_Records provided:_
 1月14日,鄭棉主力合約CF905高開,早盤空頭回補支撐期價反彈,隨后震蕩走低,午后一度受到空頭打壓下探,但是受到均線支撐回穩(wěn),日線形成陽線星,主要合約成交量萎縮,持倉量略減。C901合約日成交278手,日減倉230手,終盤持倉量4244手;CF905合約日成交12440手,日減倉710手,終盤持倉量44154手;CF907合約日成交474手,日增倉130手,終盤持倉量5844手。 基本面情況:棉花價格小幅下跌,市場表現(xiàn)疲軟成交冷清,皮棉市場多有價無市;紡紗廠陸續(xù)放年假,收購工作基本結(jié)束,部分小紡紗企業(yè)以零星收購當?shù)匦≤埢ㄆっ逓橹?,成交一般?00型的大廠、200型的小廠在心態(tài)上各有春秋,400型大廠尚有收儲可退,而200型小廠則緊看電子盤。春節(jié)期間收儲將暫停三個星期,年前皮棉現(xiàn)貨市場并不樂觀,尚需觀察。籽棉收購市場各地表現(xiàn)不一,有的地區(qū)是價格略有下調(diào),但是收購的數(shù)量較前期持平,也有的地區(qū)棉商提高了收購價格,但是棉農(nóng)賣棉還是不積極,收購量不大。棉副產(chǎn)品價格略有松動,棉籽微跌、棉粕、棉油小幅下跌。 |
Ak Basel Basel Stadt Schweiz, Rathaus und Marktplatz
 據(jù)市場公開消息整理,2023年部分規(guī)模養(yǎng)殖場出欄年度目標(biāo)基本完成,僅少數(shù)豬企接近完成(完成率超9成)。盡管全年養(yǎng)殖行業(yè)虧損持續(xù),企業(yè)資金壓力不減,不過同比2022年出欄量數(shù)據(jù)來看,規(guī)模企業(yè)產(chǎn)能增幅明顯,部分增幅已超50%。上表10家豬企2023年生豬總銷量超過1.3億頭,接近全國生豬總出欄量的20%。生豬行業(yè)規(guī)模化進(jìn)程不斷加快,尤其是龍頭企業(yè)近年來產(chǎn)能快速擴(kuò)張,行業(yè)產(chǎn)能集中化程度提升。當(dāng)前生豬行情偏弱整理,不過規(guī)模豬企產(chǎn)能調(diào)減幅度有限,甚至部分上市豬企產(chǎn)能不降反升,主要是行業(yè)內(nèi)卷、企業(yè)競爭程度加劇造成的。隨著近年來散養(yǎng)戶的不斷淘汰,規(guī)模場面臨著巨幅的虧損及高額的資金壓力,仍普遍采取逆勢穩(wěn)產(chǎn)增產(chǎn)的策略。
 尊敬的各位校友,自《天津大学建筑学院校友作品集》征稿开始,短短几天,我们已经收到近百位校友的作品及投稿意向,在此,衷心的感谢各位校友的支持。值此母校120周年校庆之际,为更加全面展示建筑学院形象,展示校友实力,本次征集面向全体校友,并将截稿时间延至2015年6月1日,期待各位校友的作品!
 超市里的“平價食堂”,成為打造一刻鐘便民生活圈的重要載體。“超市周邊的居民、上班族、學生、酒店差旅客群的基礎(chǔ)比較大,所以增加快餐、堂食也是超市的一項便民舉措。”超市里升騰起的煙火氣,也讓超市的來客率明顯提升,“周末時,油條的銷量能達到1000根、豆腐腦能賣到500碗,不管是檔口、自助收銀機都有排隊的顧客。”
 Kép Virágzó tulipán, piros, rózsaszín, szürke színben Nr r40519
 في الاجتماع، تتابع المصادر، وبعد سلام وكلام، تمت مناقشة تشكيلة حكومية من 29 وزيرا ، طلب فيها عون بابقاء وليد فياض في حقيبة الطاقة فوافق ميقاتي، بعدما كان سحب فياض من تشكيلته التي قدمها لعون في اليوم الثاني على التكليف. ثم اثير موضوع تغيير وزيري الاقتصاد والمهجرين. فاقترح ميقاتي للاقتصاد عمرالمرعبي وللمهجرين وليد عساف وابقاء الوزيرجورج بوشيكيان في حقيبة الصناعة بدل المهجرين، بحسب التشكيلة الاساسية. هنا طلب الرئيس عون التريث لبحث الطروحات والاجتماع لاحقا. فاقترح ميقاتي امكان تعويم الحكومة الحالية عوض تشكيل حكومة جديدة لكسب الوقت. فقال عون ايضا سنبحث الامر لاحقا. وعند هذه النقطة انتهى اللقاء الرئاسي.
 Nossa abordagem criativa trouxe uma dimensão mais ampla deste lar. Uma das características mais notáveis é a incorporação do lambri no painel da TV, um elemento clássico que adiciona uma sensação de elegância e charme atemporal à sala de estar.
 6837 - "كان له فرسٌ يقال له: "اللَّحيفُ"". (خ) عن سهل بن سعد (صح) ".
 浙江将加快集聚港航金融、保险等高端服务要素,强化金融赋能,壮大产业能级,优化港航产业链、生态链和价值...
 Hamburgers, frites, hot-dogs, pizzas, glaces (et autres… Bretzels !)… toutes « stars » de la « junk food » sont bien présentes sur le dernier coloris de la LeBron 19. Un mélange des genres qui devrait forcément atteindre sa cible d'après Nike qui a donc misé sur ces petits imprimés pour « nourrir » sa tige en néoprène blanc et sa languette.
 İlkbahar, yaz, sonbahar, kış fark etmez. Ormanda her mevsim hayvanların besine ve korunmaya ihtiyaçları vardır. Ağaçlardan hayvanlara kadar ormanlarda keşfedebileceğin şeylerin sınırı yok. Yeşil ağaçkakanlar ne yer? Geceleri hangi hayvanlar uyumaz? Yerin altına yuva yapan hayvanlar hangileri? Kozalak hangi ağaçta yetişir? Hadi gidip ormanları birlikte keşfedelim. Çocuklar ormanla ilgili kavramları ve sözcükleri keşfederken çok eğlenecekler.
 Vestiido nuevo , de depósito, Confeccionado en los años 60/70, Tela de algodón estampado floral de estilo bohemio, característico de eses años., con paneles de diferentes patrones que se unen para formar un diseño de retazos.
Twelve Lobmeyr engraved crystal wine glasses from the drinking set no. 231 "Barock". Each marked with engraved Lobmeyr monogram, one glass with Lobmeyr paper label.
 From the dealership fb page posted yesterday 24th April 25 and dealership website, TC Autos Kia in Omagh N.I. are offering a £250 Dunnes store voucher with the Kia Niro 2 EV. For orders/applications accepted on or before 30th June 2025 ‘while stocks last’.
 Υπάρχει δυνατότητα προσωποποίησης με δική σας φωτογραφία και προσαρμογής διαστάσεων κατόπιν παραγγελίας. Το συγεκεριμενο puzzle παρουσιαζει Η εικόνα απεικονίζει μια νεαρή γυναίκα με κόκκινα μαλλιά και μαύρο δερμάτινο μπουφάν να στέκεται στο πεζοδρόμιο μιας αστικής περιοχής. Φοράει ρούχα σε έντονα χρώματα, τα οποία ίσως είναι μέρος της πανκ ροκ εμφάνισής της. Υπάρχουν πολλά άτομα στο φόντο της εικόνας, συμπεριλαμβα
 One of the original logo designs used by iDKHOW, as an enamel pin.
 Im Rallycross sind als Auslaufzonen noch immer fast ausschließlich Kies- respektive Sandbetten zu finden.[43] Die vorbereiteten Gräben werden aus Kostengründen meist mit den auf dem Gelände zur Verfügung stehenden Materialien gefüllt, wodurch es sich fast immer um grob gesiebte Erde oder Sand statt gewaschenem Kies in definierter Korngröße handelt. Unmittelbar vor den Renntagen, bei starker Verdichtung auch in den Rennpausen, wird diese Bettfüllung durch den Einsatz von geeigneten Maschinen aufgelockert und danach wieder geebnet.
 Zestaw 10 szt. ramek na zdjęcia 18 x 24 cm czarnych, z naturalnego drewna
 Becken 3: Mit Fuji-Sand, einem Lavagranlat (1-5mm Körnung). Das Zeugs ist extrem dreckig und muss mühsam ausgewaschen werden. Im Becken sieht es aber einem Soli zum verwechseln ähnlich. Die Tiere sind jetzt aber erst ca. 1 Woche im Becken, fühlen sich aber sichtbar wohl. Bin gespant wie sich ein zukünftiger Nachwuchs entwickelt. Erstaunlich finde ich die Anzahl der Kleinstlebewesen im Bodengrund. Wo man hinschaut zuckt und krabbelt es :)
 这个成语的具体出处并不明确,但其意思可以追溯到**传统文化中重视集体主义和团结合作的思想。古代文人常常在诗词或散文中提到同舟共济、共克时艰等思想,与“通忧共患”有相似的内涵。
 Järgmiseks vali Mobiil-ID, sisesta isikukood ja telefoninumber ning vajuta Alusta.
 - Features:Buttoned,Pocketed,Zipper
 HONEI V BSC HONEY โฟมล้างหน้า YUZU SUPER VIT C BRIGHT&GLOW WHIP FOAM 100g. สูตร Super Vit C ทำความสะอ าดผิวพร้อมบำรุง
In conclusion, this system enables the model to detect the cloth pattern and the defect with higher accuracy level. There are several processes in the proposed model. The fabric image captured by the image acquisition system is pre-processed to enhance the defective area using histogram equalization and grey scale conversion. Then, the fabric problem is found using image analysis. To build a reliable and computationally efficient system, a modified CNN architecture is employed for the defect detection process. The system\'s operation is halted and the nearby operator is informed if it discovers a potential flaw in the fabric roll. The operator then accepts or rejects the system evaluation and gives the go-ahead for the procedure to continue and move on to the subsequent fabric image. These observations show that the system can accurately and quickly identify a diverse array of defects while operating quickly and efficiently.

_Description of the task:_ Set down precisely the lines above between the line holding "Becken 3: Mit" and the line holding "HONEI V BSC", inclusive, and nothing beyond them.

_Task output:_
 Becken 3: Mit Fuji-Sand, einem Lavagranlat (1-5mm Körnung). Das Zeugs ist extrem dreckig und muss mühsam ausgewaschen werden. Im Becken sieht es aber einem Soli zum verwechseln ähnlich. Die Tiere sind jetzt aber erst ca. 1 Woche im Becken, fühlen sich aber sichtbar wohl. Bin gespant wie sich ein zukünftiger Nachwuchs entwickelt. Erstaunlich finde ich die Anzahl der Kleinstlebewesen im Bodengrund. Wo man hinschaut zuckt und krabbelt es :)
 这个成语的具体出处并不明确,但其意思可以追溯到**传统文化中重视集体主义和团结合作的思想。古代文人常常在诗词或散文中提到同舟共济、共克时艰等思想,与“通忧共患”有相似的内涵。
 Järgmiseks vali Mobiil-ID, sisesta isikukood ja telefoninumber ning vajuta Alusta.
 - Features:Buttoned,Pocketed,Zipper
 HONEI V BSC HONEY โฟมล้างหน้า YUZU SUPER VIT C BRIGHT&GLOW WHIP FOAM 100g. สูตร Super Vit C ทำความสะอ าดผิวพร้อมบำรุง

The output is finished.